**REQUIRED ACTION:** The answer must consist only of the lines from the line with "Изменение кинетической энергии" to the line with "萬和獲國(guó)際標(bi", both included, exactly as they stand below.

**Data records:**
........

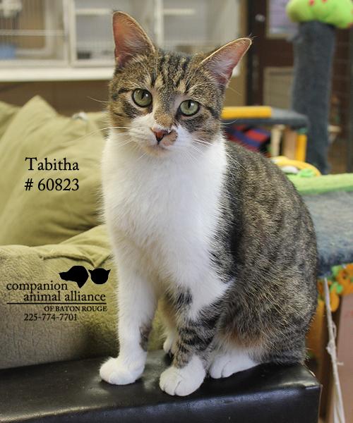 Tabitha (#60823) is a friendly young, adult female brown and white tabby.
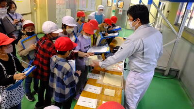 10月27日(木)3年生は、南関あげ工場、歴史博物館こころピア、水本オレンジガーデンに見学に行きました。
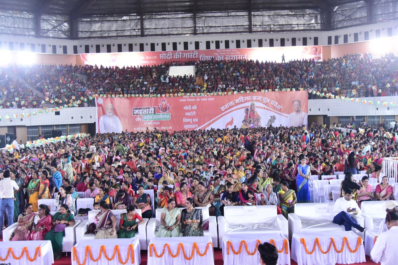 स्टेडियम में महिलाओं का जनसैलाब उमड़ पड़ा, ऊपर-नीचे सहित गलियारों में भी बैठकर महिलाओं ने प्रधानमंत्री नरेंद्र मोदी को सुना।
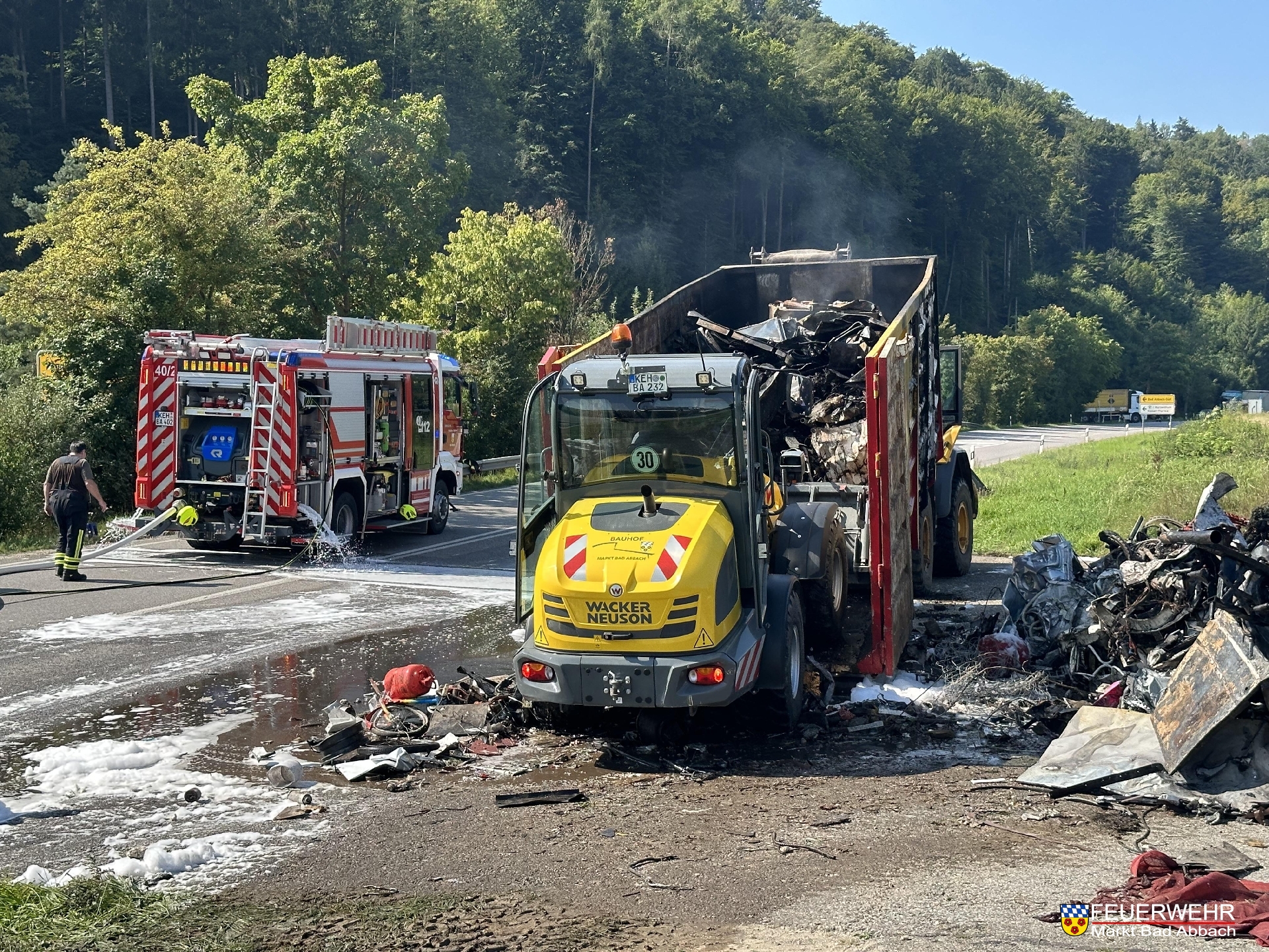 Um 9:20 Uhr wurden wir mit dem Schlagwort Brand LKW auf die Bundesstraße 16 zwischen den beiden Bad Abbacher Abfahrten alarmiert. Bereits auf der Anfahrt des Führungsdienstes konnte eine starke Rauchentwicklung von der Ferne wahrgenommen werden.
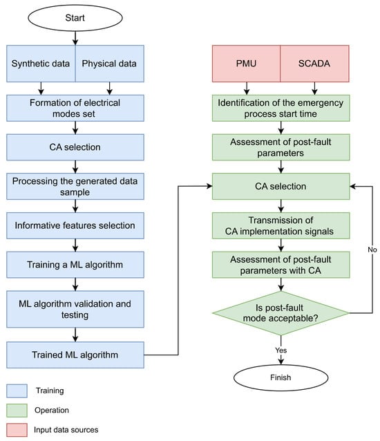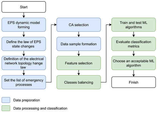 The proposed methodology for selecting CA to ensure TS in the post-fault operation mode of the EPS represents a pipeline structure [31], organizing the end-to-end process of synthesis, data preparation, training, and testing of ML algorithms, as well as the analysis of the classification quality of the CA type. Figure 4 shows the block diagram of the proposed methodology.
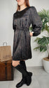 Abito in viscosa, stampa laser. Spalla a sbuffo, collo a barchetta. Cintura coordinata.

........

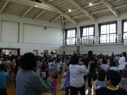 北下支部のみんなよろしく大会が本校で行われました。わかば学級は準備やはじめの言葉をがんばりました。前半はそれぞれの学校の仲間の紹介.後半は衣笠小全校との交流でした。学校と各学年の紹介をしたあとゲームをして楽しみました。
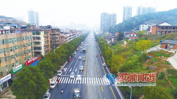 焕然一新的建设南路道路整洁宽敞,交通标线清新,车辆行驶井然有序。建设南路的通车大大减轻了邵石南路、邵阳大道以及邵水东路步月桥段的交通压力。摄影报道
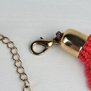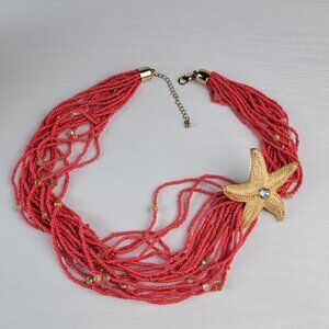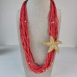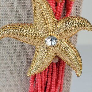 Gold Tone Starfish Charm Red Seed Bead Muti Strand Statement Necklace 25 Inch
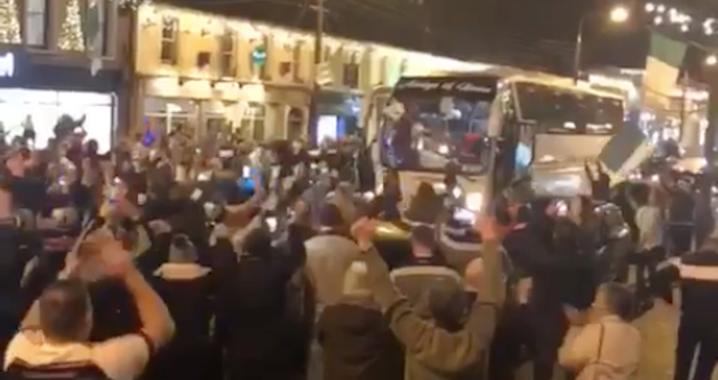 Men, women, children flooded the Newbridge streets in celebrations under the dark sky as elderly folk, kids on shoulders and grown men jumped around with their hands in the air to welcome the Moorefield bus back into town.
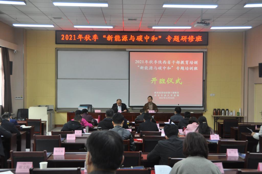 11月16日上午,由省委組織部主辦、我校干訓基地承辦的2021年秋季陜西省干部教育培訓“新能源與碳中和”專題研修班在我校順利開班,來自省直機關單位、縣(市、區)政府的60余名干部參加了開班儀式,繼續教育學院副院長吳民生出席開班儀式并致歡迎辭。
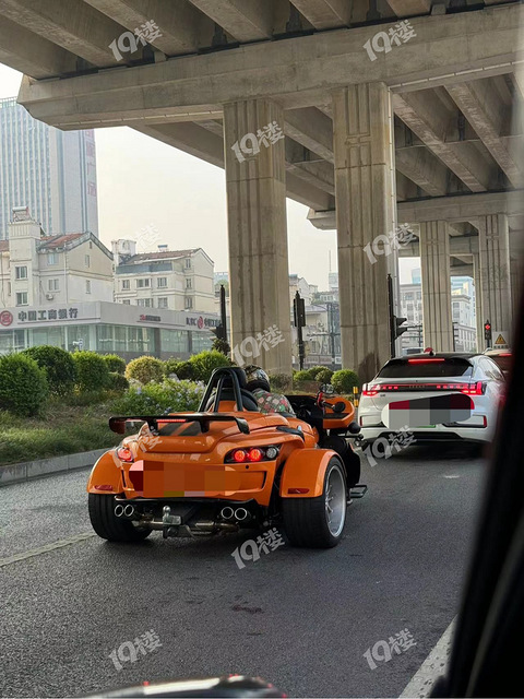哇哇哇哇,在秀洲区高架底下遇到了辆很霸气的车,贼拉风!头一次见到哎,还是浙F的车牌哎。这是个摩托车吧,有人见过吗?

........

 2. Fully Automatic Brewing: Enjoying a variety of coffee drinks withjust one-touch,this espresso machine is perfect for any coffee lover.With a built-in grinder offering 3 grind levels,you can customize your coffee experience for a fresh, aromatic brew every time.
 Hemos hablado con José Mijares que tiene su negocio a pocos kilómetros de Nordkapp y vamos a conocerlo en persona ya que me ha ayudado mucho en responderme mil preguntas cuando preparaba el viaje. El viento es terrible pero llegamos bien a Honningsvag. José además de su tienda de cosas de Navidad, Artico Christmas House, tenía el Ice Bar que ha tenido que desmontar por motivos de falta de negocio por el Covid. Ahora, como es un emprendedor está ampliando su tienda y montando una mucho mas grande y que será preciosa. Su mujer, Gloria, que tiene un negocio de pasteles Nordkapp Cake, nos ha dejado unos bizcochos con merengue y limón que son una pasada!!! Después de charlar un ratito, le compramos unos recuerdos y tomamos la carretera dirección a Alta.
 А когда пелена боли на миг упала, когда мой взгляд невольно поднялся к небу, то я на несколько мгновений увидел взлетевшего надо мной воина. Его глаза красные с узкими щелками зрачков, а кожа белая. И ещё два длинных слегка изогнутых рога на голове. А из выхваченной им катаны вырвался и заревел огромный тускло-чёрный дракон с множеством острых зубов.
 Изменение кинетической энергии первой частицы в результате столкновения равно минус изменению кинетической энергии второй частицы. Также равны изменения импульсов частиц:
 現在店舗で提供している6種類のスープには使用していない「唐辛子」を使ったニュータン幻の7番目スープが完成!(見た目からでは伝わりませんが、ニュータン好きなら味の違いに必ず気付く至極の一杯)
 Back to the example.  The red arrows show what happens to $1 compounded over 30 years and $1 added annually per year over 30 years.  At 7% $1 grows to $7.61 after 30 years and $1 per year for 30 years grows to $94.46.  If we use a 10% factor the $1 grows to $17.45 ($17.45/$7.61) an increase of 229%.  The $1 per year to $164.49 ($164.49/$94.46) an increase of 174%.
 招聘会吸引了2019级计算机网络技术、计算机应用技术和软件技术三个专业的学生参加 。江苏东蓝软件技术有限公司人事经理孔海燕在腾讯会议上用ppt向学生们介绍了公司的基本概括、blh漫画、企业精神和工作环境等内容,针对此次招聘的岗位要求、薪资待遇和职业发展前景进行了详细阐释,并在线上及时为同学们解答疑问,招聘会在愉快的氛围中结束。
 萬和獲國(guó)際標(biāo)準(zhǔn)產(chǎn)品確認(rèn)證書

........

**ANSWER SECTION:**
 Изменение кинетической энергии первой частицы в результате столкновения равно минус изменению кинетической энергии второй частицы. Также равны изменения импульсов частиц:
 現在店舗で提供している6種類のスープには使用していない「唐辛子」を使ったニュータン幻の7番目スープが完成!(見た目からでは伝わりませんが、ニュータン好きなら味の違いに必ず気付く至極の一杯)
 Back to the example.  The red arrows show what happens to $1 compounded over 30 years and $1 added annually per year over 30 years.  At 7% $1 grows to $7.61 after 30 years and $1 per year for 30 years grows to $94.46.  If we use a 10% factor the $1 grows to $17.45 ($17.45/$7.61) an increase of 229%.  The $1 per year to $164.49 ($164.49/$94.46) an increase of 174%.
 招聘会吸引了2019级计算机网络技术、计算机应用技术和软件技术三个专业的学生参加 。江苏东蓝软件技术有限公司人事经理孔海燕在腾讯会议上用ppt向学生们介绍了公司的基本概括、blh漫画、企业精神和工作环境等内容,针对此次招聘的岗位要求、薪资待遇和职业发展前景进行了详细阐释,并在线上及时为同学们解答疑问,招聘会在愉快的氛围中结束。
 萬和獲國(guó)際標(biāo)準(zhǔn)產(chǎn)品確認(rèn)證書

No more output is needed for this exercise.